I agree that my mixture should be one dimensional (and that’s what I want).
But we have to admit that this experiment :
mu_g = np.arange(5,data_max,5) # mu_g size is 40
lp = np.exp(ln_mix.logp(np.asarray([mu_g]))) # a 1 dimensional mixture build on 5 components
=> ValueError: Input dimension mis-match. (input[0].shape[1] = 40, input[1].shape[1] = 5)
tells that the logp function is expecting a 5 dimension vector… no ?
And providing a 5 dimension vector suppress this error, but is it really computing the correct lopg value of the mixture? I don’t know, since this input format is also accepted :
array([[ 5],
[ 10],
[ 15],
[ 20],
[ 25],
[ 30],
[ 35],
...
Which is not 5-dim, so I don’t know why it says that it expected a 5 dimension input vector !
And anyway I always have an error when trying to use the logp output as 1-D vector
(either in as the weights of a new mixture, or simply trying to access a given element of that output vector).
But, is the lopg function supposed to be used with a vector as an input is the first place ??
(expecting to produce a vector output).
I seems to be true for basic distributions :
ln = pm.Lognormal.dist(mu=1,sd=0.5)
ln.logp([12,13]).eval()
=> array([-7.12059352, -7.68887369])
But not with mixtures (!):
y = pm.Mixture.dist(w=[0.5,0.5],comp_dists=pm.Normal.dist(mu=np.asarray([1,2]),sd=np.asarray([1,1]),shape=2))

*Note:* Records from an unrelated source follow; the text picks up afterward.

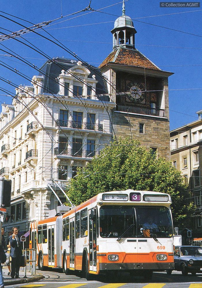 [Ligne] Ligne 3Index. décimale : 3541 Trolleybus, gyrobus, véhicule bi-mode urbain - véhicule - service régulier, transport de voyageur Genève : Saurer/Hess/BBCSE GT 560/620-25 Gelenktrolleybus Nr. 659 (1982), Transports publics genevois TPG, auf der Place Bel-Air vor der Tour-de-l'Ile [document graphique à deux dimensions] / Andreas Wittwer, Photographe . - Coire : Andreas Wittwer, 1997 . - 1 photo : couleur ; 15 x 11 cm.
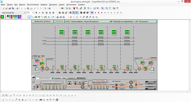 Руководствуясь требованиями, указанными в РД, создадим экранную форму линейного участка «Шлейф на нефтебазу». На рисунке 2.18 представлена экранная форма в режиме разработки.
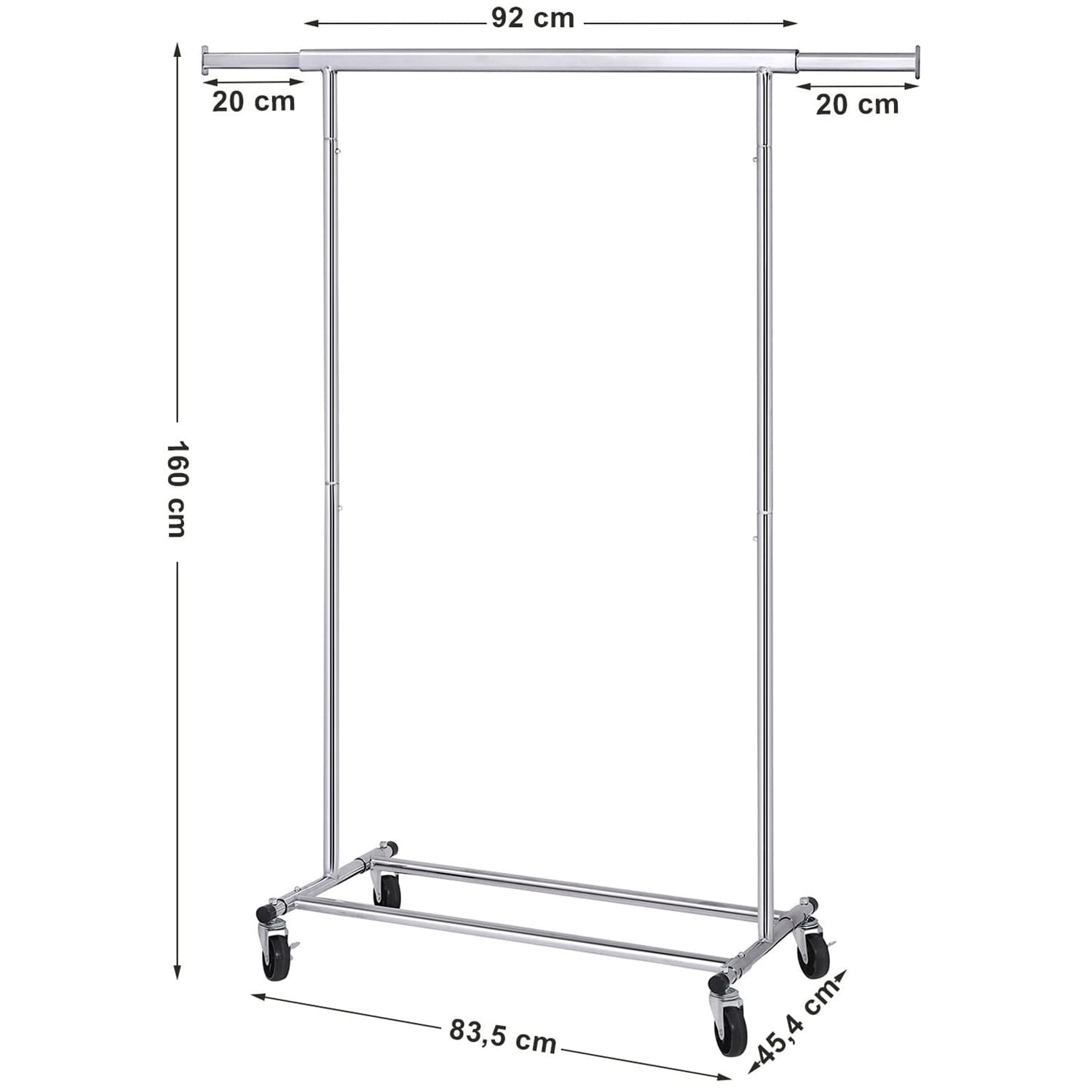 Możliwość wysunięcia drążka o 20 cm z każdej strony daje nam dodatkową powierzchnie na wieszane ubrania.
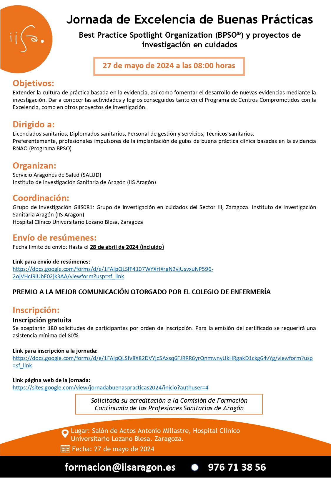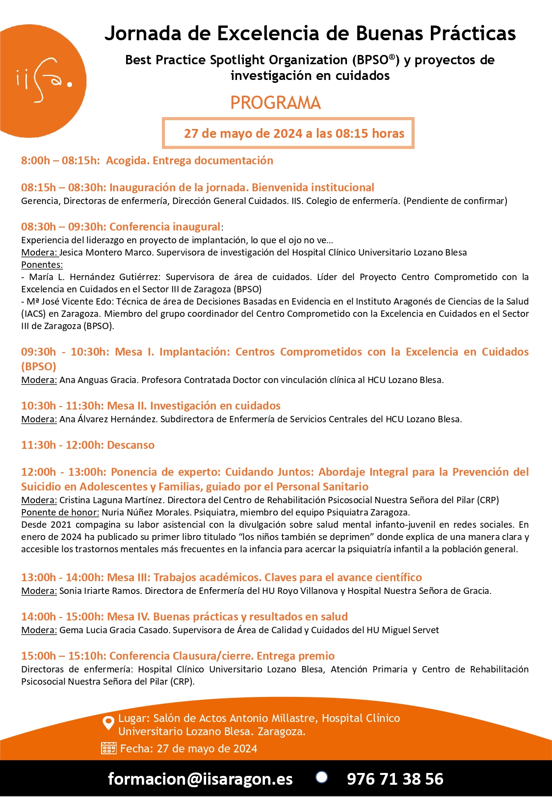 El 27 de mayo de 2024 tendrá lugar la Jornada de Excelencia de Buenas Prácticas: Best Practice Spotlight Organization (BPSO®) y proyectos de investigación en cuidados, en formato presencial (Salón de Actos Antonio Millastre, Hospital Clínico Universitario Lozano Blesa).
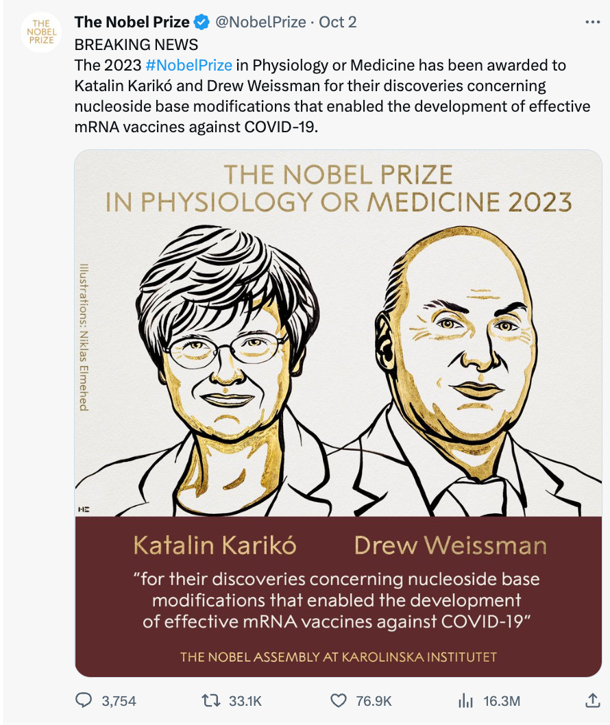 First off, congratulations to Drs. Kariko and Weissman. This award comes on top of having received the Lasker award, and similar awards from the governments of Spain and Israel.

y.logp(np.asarray([12])).eval()
=> array(-51.612058177694394)
y.logp(np.asarray([13])).eval()
=> array(-62.11207558372233)
y.logp(np.asarray([12,13])).eval()
=>array(-113.72413376141672)
The logp function seems to apply a sum operator, which sounds weird since a logp_sum function also exists :
y.logp_sum(np.asarray([12,13])).eval()
=> array(-113.72413376141672)
This explains the lack of dimension of the lopg output!
But I still don’t know how to call the logp function on an array without an explicit Python loop that totally ruins the performance.